If readers re-visit my posting about Core Logic, they will find that it scrupulously avoids any allegations of invalidity on the part of any forms of inference that the intuitionist logician regards as valid (or, for that matter, any forms of inference that the classical logician regards as valid). The concern was solely with how best to capture those inferences whose premises bear a relation of relevance to their conclusions (however that relation of relevance might be explicated). I should perhaps have warned my reader that I was using 'relevance' in an intuitive, informal sense, in which there was no commitment to the sorts of views espoused by relevance logicians in the Anderson-Belnap tradition. So perhaps I should have used a subscripted term, like 'relevance_ii', to indicate that. (Here, 'ii' is short for 'intuitive, informal'.) Please take my original posting as hereby uniformly amended in that regard.
This would also be an appropriate occasion to bring to the reader's attention how, in fact, the eventual explication of relevance embodied in Core Logic differs from that of relevance logicians in the Anderson-Belnap tradition. The best contrast can be found in the possible responses to Lewis's now famous little proof of 'A, not-A, therefore B'. If you can prove the sequent
A => AvB
and can prove Disjunctive Syllogism:
AvB, not-A => B
then by one application of Cut you can prove
A, not-A => B.
All relevantists wish to avoid proving this last result. Some relevantists go so far as to say that it is invalid. I do not. To be sure, it is valid in both the intuitionistic and the classical senses. But its premises lack that relation of relevance that we wish to see between premises and conclusions of arguments that we (relevantists, in the ii-sense) are to be able to prove.
Apart from the odd outlier in the tradition, virtually every relevantist has no problem with v-Introduction ('A => AvB'). So, to avoid commitment by proof to Lewis's paradox ('A, not-A => B'), there are only two possible choices:
1. Make it impossible, in your system of relevance logic, to prove Disjunctive Syllogism ('AvB, not-A => B'); or
2. Do not allow proof-formation by steps of (unrestricted) Cut.

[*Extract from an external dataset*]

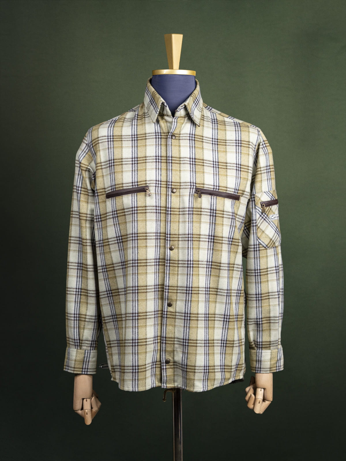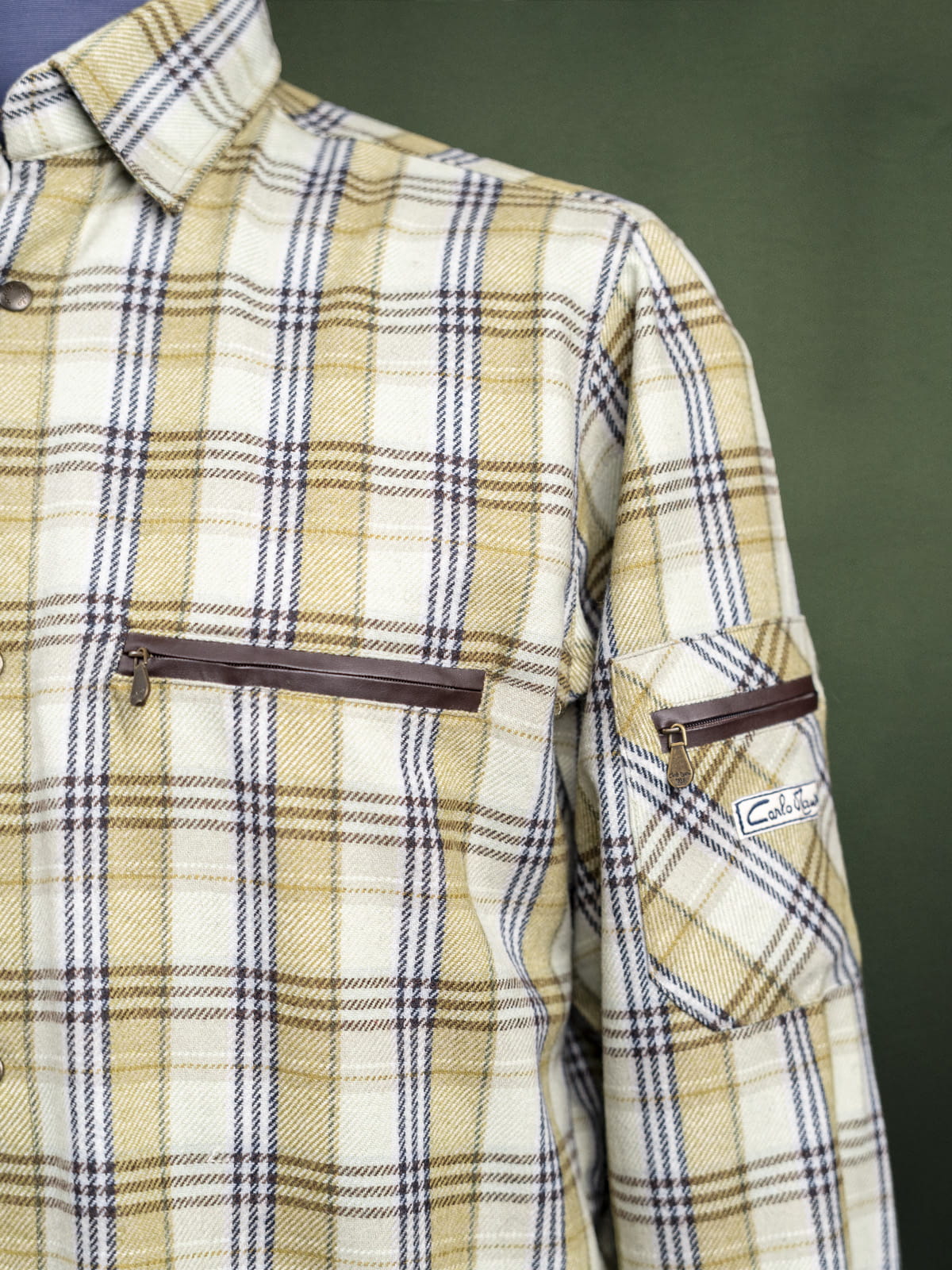 Carlo Mauri jasnozielona kraciasta męska koszula flanelowa z wełną r. L

The Anderson-Belnap tradition opted for (1), and hung on to unrestricted Cut as a rule in their system R.
I opted for (2), and hung on to Disjunctive Syllogism, for the system of Core Logic.
DJ no yes
Cut yes no
Another point of contrast between the Anderson-Belnap tradition and Core Logic is that A-B focuses on the object-language conditional arrow, whereas the Core Logician focuses on the turnstile of deducibility.

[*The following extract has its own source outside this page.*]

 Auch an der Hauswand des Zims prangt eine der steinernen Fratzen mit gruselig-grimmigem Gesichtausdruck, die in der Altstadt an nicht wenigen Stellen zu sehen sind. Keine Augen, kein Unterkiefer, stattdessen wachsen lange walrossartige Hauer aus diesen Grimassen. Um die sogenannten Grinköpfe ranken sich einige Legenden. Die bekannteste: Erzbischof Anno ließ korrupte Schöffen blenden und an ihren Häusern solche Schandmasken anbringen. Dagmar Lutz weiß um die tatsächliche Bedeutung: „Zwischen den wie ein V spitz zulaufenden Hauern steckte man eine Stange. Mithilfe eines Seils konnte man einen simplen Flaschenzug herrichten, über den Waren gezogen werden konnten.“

For the system of Core Logic (and for its classicized extension), which lacks any proof-forming rule of Cut, we nevertheless have the very important result that Cut is admissible. It is so in the sense given by the following metatheorem, which was stated in my original posting:
There is an effective operation * such that:
given any Core proof P1 of the sequent X => A, and Core proof P2 of the sequent A,Y => B,
P1*P2 is a Core proof of (some subsequent of) X,Y => B.
What, now, is the dialectic between the Core Logician and the Classical Logician? Since they have the same initials, let us call these two characters NT and HF, respectively.

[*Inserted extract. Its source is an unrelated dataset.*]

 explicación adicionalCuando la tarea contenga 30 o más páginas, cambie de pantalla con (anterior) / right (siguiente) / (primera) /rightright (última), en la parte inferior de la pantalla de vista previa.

HF: You say you're a relevance logician. I've looked up you guys in Wikipedia, in the Stanford Encyclopedia of Philosophy, on Greg Restall's blog, and in a paper by John MacFarlane---and apparently you're all busy rejecting as invalid various standard classical moves that are clearly valid. What's going on?? How can you possibly hope to give a logical foundation for mathematics?
NT: I'm a relevance logician who hopes to guide you to the discovery of the essential core of worthwhile inferential moves, deep inside Classical Logic, which actually happen to suffice for all mathematical reasoning.
HF: What do you mean by 'all mathematical reasoning'?
NT: By 'all mathematical reasoning' I mean all possible deductions of mathematical theorems, in a first-order language, from the mathematical axioms of whatever theory the mathematician is working in. As logicians, we are trying to provide deductive systems that can naturally formalize, or regiment, passages of reasoning by mathematicians that are informal, even when published in journals and textbooks. No mathematician actually writes down a formal natural deduction, or formal sequent proof!
HF: But I use Cut all the time! I do so every time I prove a Lemma, and then appeal to that Lemma subsequently when deriving a theorem! And apparently you reject Cut!
NT: No, I do not reject Cut. I just don't need it as a rule that is applied within the system. Gentzen, after all, showed in his Hauptsatz that every proof containing an application of Cut could be transformed into one that contains none.
HF: Yes, but Gentzen resorted to lots of Thinnings in his proof of Cut-Elimination! And you reject also (sorry: eschew also) the structural rule of Thinning (on the left or on the right). You're trying to have your cake and eat it.
NT: Poor Gentzen only resorted to Thinnings because he needed them in order to obtain a Cut-free proof of the original target sequent. What Gentzen failed to notice was that he could have gone on to establish another Hauptsatz (let us call it Thinning-Elimination), to the effect that any Cut-free proof of a given sequent can be turned into a Cut-free, Thinning-free proof of some subsequent of the given sequent. And that's the insight behind the cut-admissibility result for Core Logic: any 'overall sequent' that you think you should be able to obtain, courtesy of Cut, actually contains a subsequent that is Core-provable.
HF: But then you're cheating! You're not giving me a proof of the overall result that I get when I apply Cut in my system.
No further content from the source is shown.